ANGSD: Analysis of next generation Sequencing Data

Latest tar.gz version is (0.934/0.935 on github), see Change_log for changes, and download it here.

# SNP calling

# SNP Calling

## Likelihood ratio test

SNPs are called based on their allele frequencies. If a site has a minor allele frequency significantly different from 0 a site is called as polymorphic. The MAF estimate(s) given by -doMaf (see Allele_Frequency_estimation), will be used for a like ratio test by using a chi-square distribution with one degree of freedom for -doMaf 1 and -doMaf 2.

### options

- -SNP_pval [float]

The p-value used for calling snaps. see Allele_Frequency_estimation for additional options

### example

In this example we analyse data from bam files (-bam bam.files), calculate the genotype likelihood using the GATK method (-GL 2), infer the major and minor alleles (-doMajorMinor 1), estimate the allele frequencies assuming known minor (-doMAF 2) and only keep those sites that have a p-value less than 1e-6 of for being variable.

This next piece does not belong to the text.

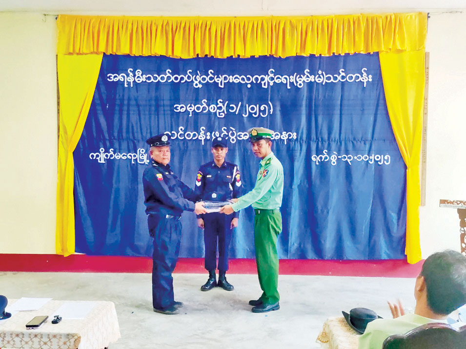ကျိုက်မရော မြို့နယ်၌ အရန်မီးသတ် တပ်ဖွဲ့ဝင်များ လေ့ကျင့်ရေး မွမ်းမံသင်တန်း (၁/၂၀၂၅)ဖွင့်ပွဲ အခမ်းအနားကို ယနေ့နံနက်ပိုင်းက ကျိုက်မရော မြို့နယ် မီးသတ်စခန်းရုံး သင်တန်းခန်းမ၌ ပြုလုပ်သည်။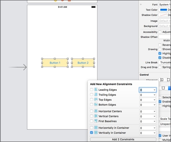 步驟 3:選擇這兩個按鈕,並使用“新增新的對齊約束”選單將它們垂直對齊。

./angsd -bam bam.filelist -GL 2 -out outfile -doMaf 2 -SNP_pval 1e-6 -doMajorMinor 1

### output

the results are given in the file outfile.mafs.gz:

chromo position major minor unknownEM pu-EM nInd 1 14000873 G A 0.282476 0.000000e+00 10 1 14001018 T C 0.259890 7.494005e-14 9 1 14001867 A G 0.272099 6.361578e-14 10 1 14002422 A T 0.377890 0.000000e+00 9 1 14003581 C T 0.194393 5.551115e-16 9 1 14004623 T C 0.259172 2.424727e-13 10 1 14007493 A G 0.297176 5.114086e-07 9 1 14007558 C T 0.381770 0.000000e+00 8 1 14007649 G A 0.220547 1.054967e-11 9 1 14008734 T A 0.242852 0.000000e+00 10 1 14009723 G C 0.255063 2.470836e-07 10 1 14010597 G A 0.315430 0.000000e+00 10 1 14010851 C A 0.276936 0.000000e+00 10 1 14012240 C T 0.297956 0.000000e+00 10

The columns are the chromosome, the position, the major allele, the minor allele, the minor allele estimate, the allele frequency, the p-value and the number of individuals with information.